Opportunity to tell Europe about problems of Ukrainians with disabilities: Lviv’s Dzherelo rehabilitation center becomes first official member of EASPD from Ukraine
Dzherelo Lviv City Rehabilitation Center was Ukraine’s first to receive official membership in the European Association of Service Providers for Persons with Disabilities (EASPD). Zoreslava Liulchak, director of the center, spoke about this during a briefing at Media Center Ukraine.
According to her, the EASPD membership will give the employees of the institution the opportunity not only to participate in forums and thematic groups with participants from all over Europe, but also to tell foreign colleagues about the needs and problems of Ukrainians with disabilities.
“It is important for us, not only for Dzherelo Center, but also for Ukraine in general, because this is the first such membership in the EASPD. We have a full right to vote, we have the right to voice the problems that exist in Ukraine regarding the rights of people with disabilities, regarding what people with disabilities need. We also have the opportunity to submit projects that will be supported by the European Association,” — Zoreslava Liulchak said.

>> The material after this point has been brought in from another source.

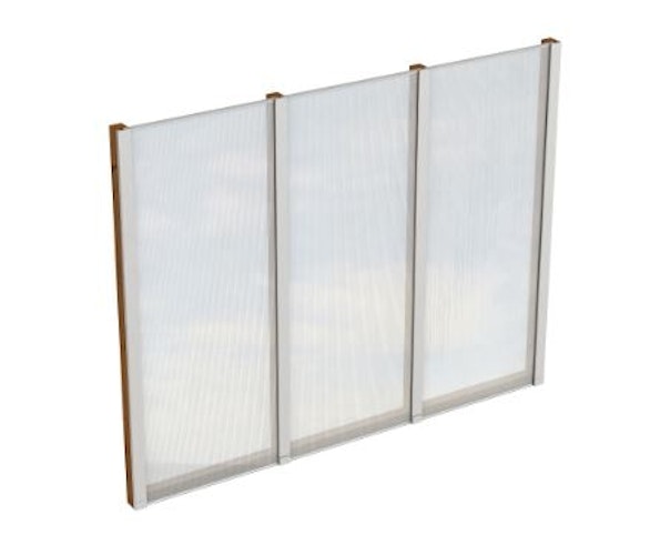 Der Lieferumfang besteht aus 3 Polycarbonat Platten ( 188 x 94,7 cm) und dem dazu gehörenden Holzrahmen.
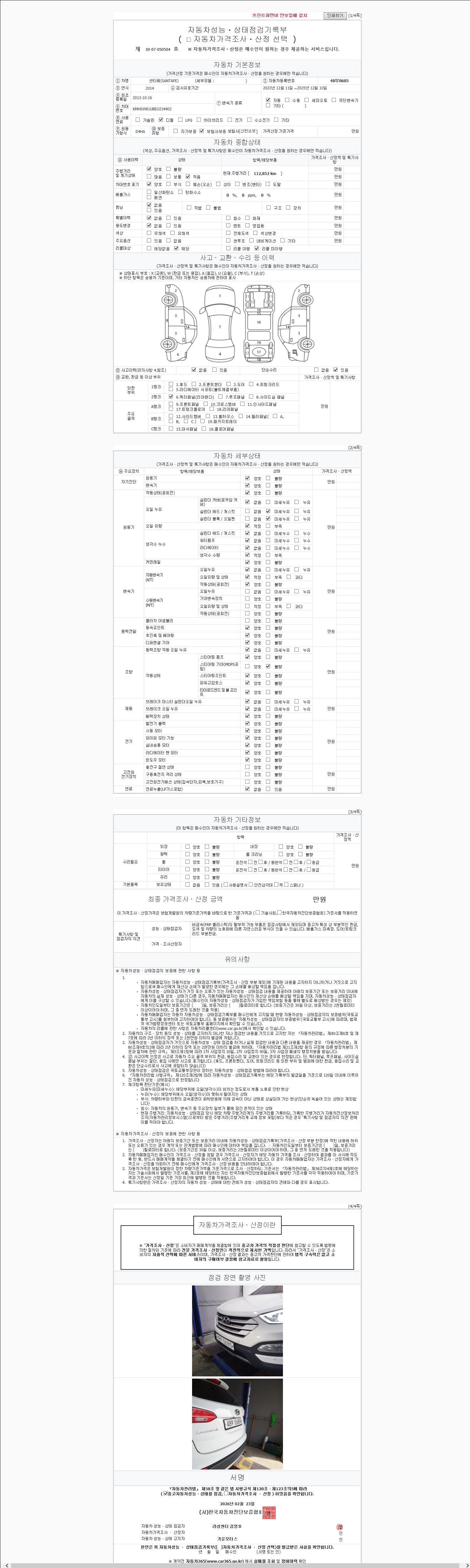 -중고자동차 매매업자를 통해 차량을 구입하실 경우 반드시 "중고자동차 성능, 상태점검 기록부"를 교뷰 받으셔야 하며, 매매업자는 반드시 의무 교부 하여야 압니다.

The director of the center also spoke about the organization’s work since the beginning of russia’s full-scale invasion of Ukraine.

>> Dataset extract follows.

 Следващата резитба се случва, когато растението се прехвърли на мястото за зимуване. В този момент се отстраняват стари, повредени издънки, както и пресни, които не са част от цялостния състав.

“A shelter for people with disabilities, their families, and companions who helped them go abroad or to other territorial communities was opened in Dzherelo Center. During this time, we accommodated more than 350 people with disabilities… In March-April, an assistance center for people with disabilities began working at the railway station. We managed to attract a lot of humanitarian aid from caring communities of the Czech Republic, Canada, Italy, Latvia and other countries. These are rehabilitation equipment, food and hygiene kits,” — Zoreslava Liulchak said.
Dzherelo Center provides rehabilitation services for children and young people with disabilities and children at risk, forms and implements the latest standards of social services. Over 29 years of its operation, the Center has provided assistance to more than 7,500 children and young people aged from several weeks to 45 years old. The center is funded from Lviv’s municipal budget and via charitable donations.